Usa et al, Japanese Patent Application SHO 48-877, published in 1973, disclose copolymerization of trioxane and cyclic ethers catalyzed by P.sub.2 O.sub.5, the entire reaction taking place in nitro-substituted hydrocarbon solutions such as nitrobenzene and nitromethane.
C. Chen, Canadian Patent 864041, issued 1971, discloses copolymerization of trioxane and dioxolane to molecular weights up to 500M by addition of CH.sub.2 Cl.sub.2 "enhancing agent". It is explicitly stated that nitrobenzene prevents reaction. Preferred initiators include triphenyl, and trimethoxyphenyl carbonium, and trialkyl oxonium salts of PF.sub.6 and AsF.sub.6.
K. Burg et al, Makro. Chem. 142, 247 (1971) disclose the copolymerization of trioxane and dioxolane with, among others, BF.sub.3 etherate initiator. They state explicitly that the incorporated fraction of dioxolane corresponds to the monomer ratio of trioxane to dioxolane.
S. A. Vol'fson et al, Dokl. Akad. Nauk. SSR, 234, 1365 (1977) disclose the copolymerization of HCHO and dioxolane at elevated pressure in ethyl benzene solution, initiated by, among others, BF.sub.3 etherate. It is stated explicitly that comonomer incorporation depends upon the concentration of initiator.

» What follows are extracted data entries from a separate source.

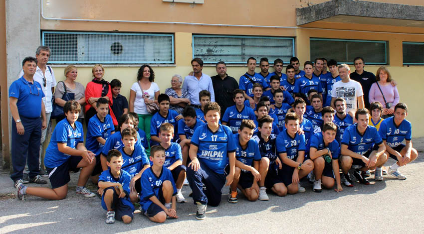 foto di gruppo per il settore giovanile della Inter Volley Foligno all’esterno della palestra Fausto Ciccioli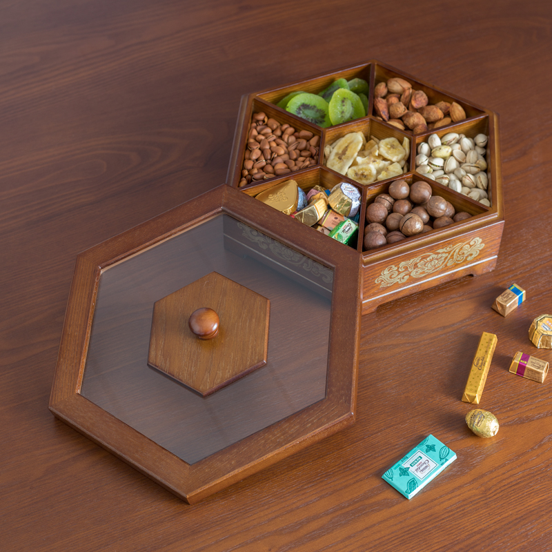 Solid wood dry fruit box Sub-grid with lid Creative modern Living room Marriage Chinese melon Candy Tea Table Woody Dry Fruit Tray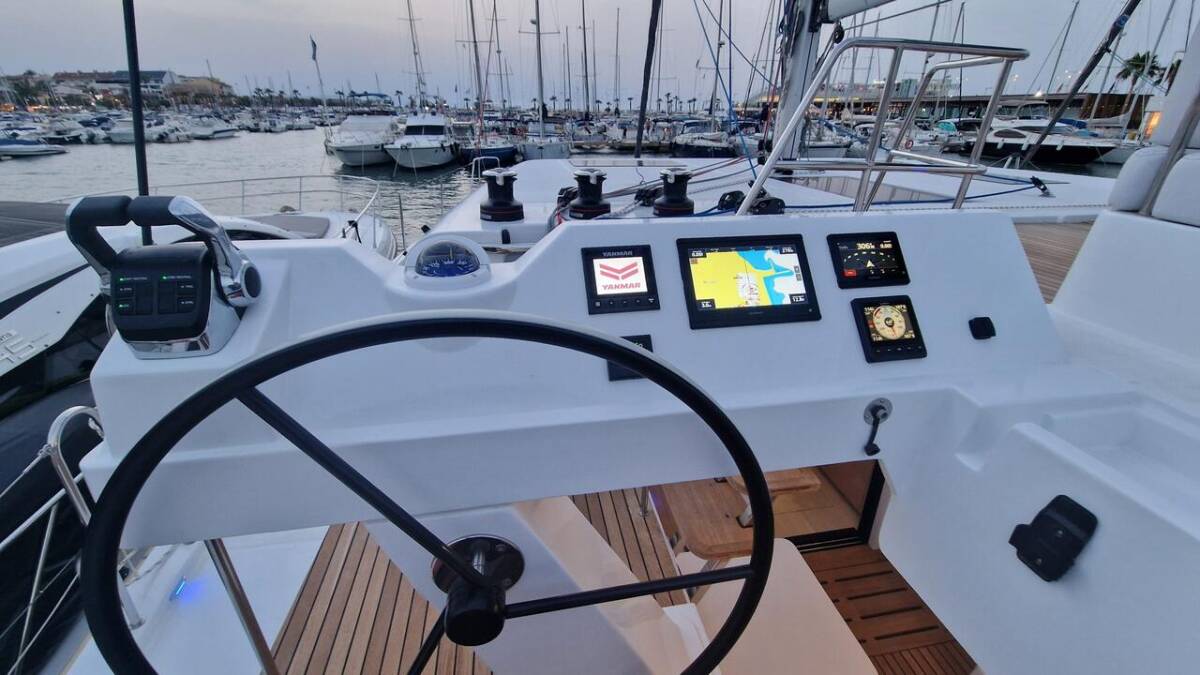 Die Aventura 45 "Art J" ist ausgestattet mit einem Großsegel und einem Genoa sowie einer Radar, Bimini Top, Autopilot, Sprayhood, Teak im Cockpit, GPS Kartenplotter - Cockpit.

R. S. Jones, Polym. Preprints, 21, 144 (1980) discloses copolymerization of HCHO and dioxolane in hydrocarbon slurry initiated by BF.sub.3 etherate. It is stated explicitly that comonomer incorporation is dependent upon initiator concentration only and shows that dioxolane incorporation into the copolymer is favored in the least polar solvent, hexane. Jones cites a preferred dioxolane concentration of 0.5 M (5.4 wt %) to achieve 1-2 mole % in the copolymer.
Yamashita et al., (J. Polymer Sci., A2, Vol. 4, p 2121-2135, 1966) states that relative reactivity correlates best with basicity and free energy. Copolymerizations involving dioxolane show only small changes in reactivity ratios with change in initiator or reaction medium which ranged from toluene to nitrobenzene. Even in carbocationic copolymerization of trioxane, where much more data exists and reactivity ratios are significantly affected by solvent and catalyst, they state, "a systematic interpretation is difficult even in the simplest cases".
The copolymerization of formaldehyde and dioxolane is further complicated by the heterogeneous nature of the polymerization where the reactive sites reside on or near the surface of the crystalline, insoluble particles.
The art, in general, teaches away from employing nitro-substituted hydrocarbons. Burg, Vol'fson, and Jones all teach that comonomer incorporation depends only upon catalyst concentration or monomer ratio. While not mutually consistent, all seem to exclude the benefit of any additive to enhance the comonomer incorporation. Chen does teach the benefit of an enhancing agent, but the agent is CH.sub.2 Cl.sub.2, the initiators do not include BF.sub.3 etherate, the reaction involves trioxane not HCHO, and, most importantly, Chen explicitly states that nitrobenzene prevents reaction.